Grayscale has reported one of its strongest quarters yet, for its digital currency investment products, as new capital flowed in at an accelerated pace. Additionally, assets under management (AUM) saw a rapid uptick in 2019, as market prices of digital currencies rose in the first half of the year. AUM across all Grayscale digital currency investment products nearly tripled, rising from $926 million to $2.7 billion.

Grayscale saw nearly $85 million of inflows, posting its strongest quarterly inflow since Q2 2018. The investor profile has skewed institutional, as 85% of new inflows were from institutional investors–the highest percentage since July 2018. Digital currency market participants have long awaited the rise of institutional investment into the space, which now appears to be increasing as bitcoin (and digital currencies) become more mainstream.


Bitcoin trading market share hits highs

Last week we highlighted the acceleration of bitcoin’s dominance, as measured by its market cap relative to alt-coins. Additionally, we found that bitcoin’s trading volume relative to alt-coins has increased considerably.

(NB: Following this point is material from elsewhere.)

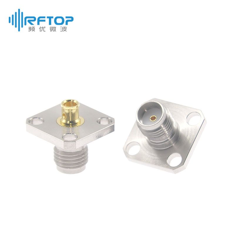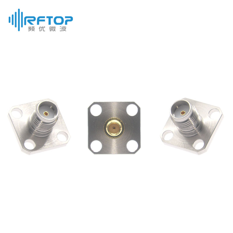 SMA母四孔法兰电缆连接器|精密型, DC-26.5GHz, 法兰边长12.7mm,孔距8.6mm,孔径2.6mm - RC27SF-B4F2D

In the figure below we diagram notional trading volume market share between the top-five largest digital currencies by market cap. As shown, bitcoin has seen a recent uptick in trading volumes relative to alt-coins. While bitcoin trading volumes have risen MoM since March 2019, the top alt-coins saw a peak in trading volume in May 2019, before declining. Trading volumes are from the following US accessible exchanges: Bitstamp, Bittrex, Coinbase Pro, and Kraken.

Figure 1: Trading volume market share over time

Data for chart sourced from the TradeBlock Professional Platform


Growth in stablecoins pushes up demand for ETH

As we highlighted in our stablecoin report last week, stablecoins have seen a significant increase in on-chain transactions for 2019. Nearly all leading stablecoins are ERC-20 tokens, representing iterations on top of the Ethereum blockchain. When these stablecoins are used in transactions, Ethereum’s native token (ETH) is required to pay gas fees in order for each transactaction to be confirmed.

We tracked the top-five largest ERC-20 stablecoins and the amount of fees paid in stablecoin transactions since January 2018. Our findings demonstrate that the amount of fees paid to Ethereum network participants has increased considerably over time, inline with a growth in on-chain stablecoin transactions (see Figure 2 below).

As interest in stablecoins grows and demand for their use in a transactional capacity increases, the demand for ETH rises as users are required to purchase Ethereum’s native asset to pay gas fees.